Here a special entertainment was given in his honor, and Maury had his first experience with the society manners of the East which were somewhat more refined than those of the Tennessee frontier. When the negro servant passed him a saucer of ice-cream and a spoon, he very modestly placed only a spoonful in his plate and left the remainder to be passed to the others, thinking that it was some kind of strange sauce. From this place he proceeded to the home of his Uncle Edward Herndon, near Fredericksburg; and while visiting there, he met the young girl who was some years afterwards to become his wife. She was Ann Hull Herndon, the eldest daughter of Dabney Herndon, who was a banker and prominent citizen of Fredericksburg. It was a case of love at first sight with young Maury, who was completely captivated by the blue eyes, auburn hair, and musical voice of his fair cousin; while she in turn was very favorably impressed with this relative from the West with his ruddy complexion which she used to say after they were married reminded her of “David fresh from his sheep with his sling”.


From De Meissner’s “Old Naval Days,” through courtesy of Henry Holt and Company.

U. S. S. “Brandywine,” Commander Biddle, off Malta, November 6, 1831; and U. S. S. “Concord,” Captain Perry, in Background

When he arrived at his destination in Washington, the Secretary of the Navy allowed him fifteen cents a mile as mileage from Franklin, Tennessee, and this fairly put Maury’s head above water financially. After a short visit with relatives here, he went on to New York where he had been ordered to report on board the U. S. Frigate Brandywine.

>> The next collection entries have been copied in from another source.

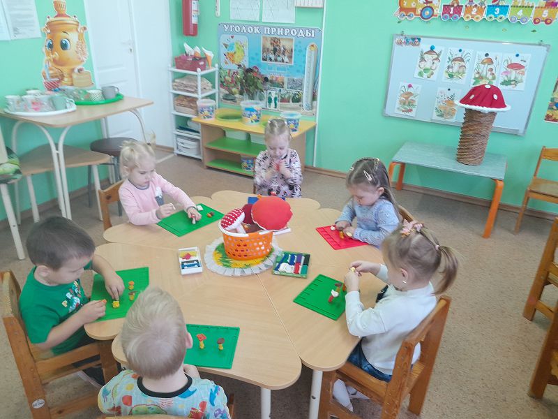В младшей группе "Одуванчики " прошло занятие по художественно - эстетическому развитию (лепка) "Грибная поляна". Дети с удовольствием лепили грибы, рассматривали иллюстрации, поиграли в игру "Собери грибы в корзину ". В конце занятия, все грибочки поставили на поляну и полюбовались ими.
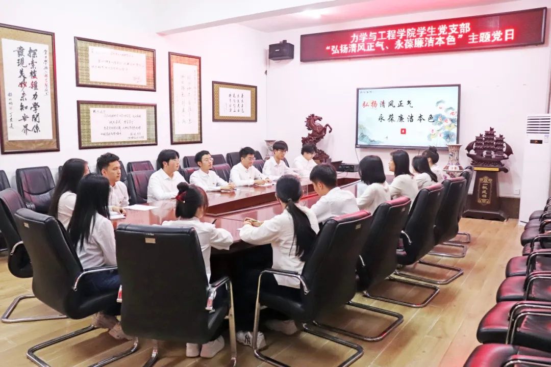 为深入贯彻落实新时代高校廉洁文化建设要求,切实筑牢青年党员思想防线,将廉洁意识融入日常行为准则。10月29日,力学与工程学院学生党支部开展“弘扬清风正气 永葆廉洁本色”主题党日活动,深化学生党员对廉洁文化的认知。党委副书记兼副院长王丽宏、学生党支部书记解书华与全体学生党员共同参会。
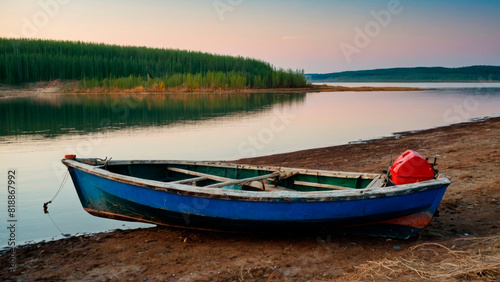 A fishing schooner on the shore of a picturesque bay.

Here he arrived August 13, 1825, and at once entered into active service in the profession which he had chosen. He has left no record as to what his thoughts and feelings were during those weeks when he, a lad from the West who had never seen a ship before, was adjusting himself to those new and strange surroundings. But that he had made up his mind to succeed in his chosen career, whether he liked it or not, is evident from this sentiment which occurs more than once in his letters: “... to the old rule with which I set out on horseback from Tennessee in 1825, a fresh midshipman, ‘Make everything bend to your profession’”.